There is usually a compromise involved in backups. Taking backups more frequently usually means more impact to production applications. But you cannot restore a change that you have not backed up. It would be nice to be able to restore any document or database to any point in time, but the reality is that most organizations only do daily backups—usually full backups at the weekend and differential backups each day during the week. These backups contain only the finished state of each day's work, and restoring means losing up to a day's work. Would these businesses benefit from a backup that occurs several times every day? Maybe even several times every hour? The potential for data loss is so much lower if you can backup at will. But backups are a high impact activity, causing heavy disk loads and consuming lots of disk space. Or at least they are if you don't use SimpliVity's hyperconverged infrastructure.

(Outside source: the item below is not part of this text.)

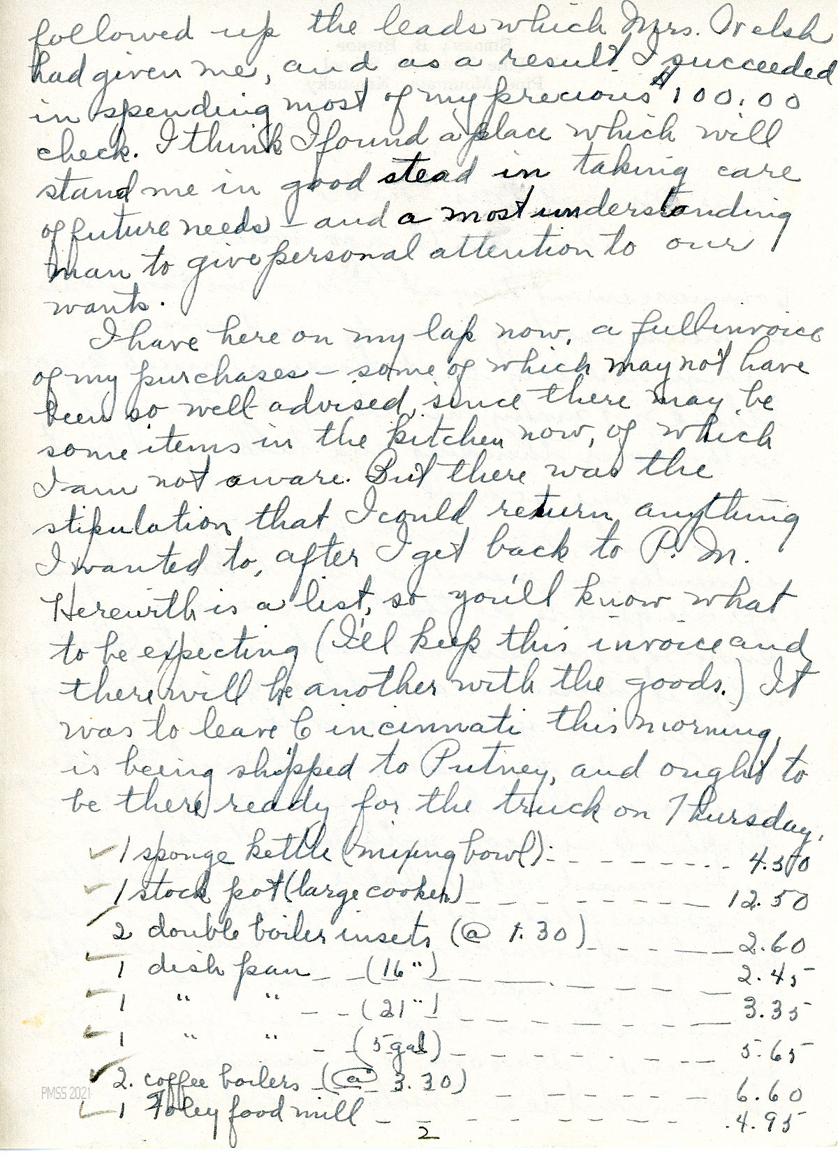 [022] through [022c] June 26, 1944. Four-page letter to Mr. and Mrs. Webb from Bishop on PMSS stationary. “I think not many minutes go by … without our thinking and talking about ‘home’ — our school.’ She thanks Mrs. Webb for the “Garner card”; found kitchen equipment while in Berea with Mrs. Welsh’s help; Lists her kitchen purchases and prices.

On the SimpliVity platform VM backups are near instantaneous—updating the recent task list in vCenter takes longer than the backup. There is no need for a VMware snapshot on the VM while the backup is taken, so there is no performance impact when the backup completes. There is also no change to the VM's write path through the SimpliVity platform when the backup is taken, so there is no change to the VM's storage performance during the backup or at any time later.

One of the key elements of SimpliVity's backup is the data efficiency of its deduplicated storage for running VMs. Using a purpose built PCIe card, SimpliVity deduplicates data as the VM writes to its disk. This deduplication happens to all VM data, and the data remains deduplicated as long as it is on the SimpliVity platform. Each VM is represented by a pointer into the SimpliVity deduplicated store. The instantaneous backups are made by copying the pointer. Neither the VM data nor the metadata needs to be copied, only the one top level pointer. With instant backups that do not impact performance, you can backup at any time.

The deduplicated store is also very efficient for storing lots of backups—typically, SimpliVity customers see 40:1 capacity savings. Only the new unique data created between each backup needs to be stored, rather than needing to keep every change. Each backup is a full logical copy with no precarious chaining of changes, as happens in incremental backup schemes. Naturally, storing more backups for more VMs will use more space, but with deduplication this increase is minimized. Deduplicated storage allows you to keep far more backups online and instantly available. SimpliVity's HyperGuarantee says that you will be able to restore a 1TB VM from backup in under a minute and that the backups will have at least 10:1 space efficiency.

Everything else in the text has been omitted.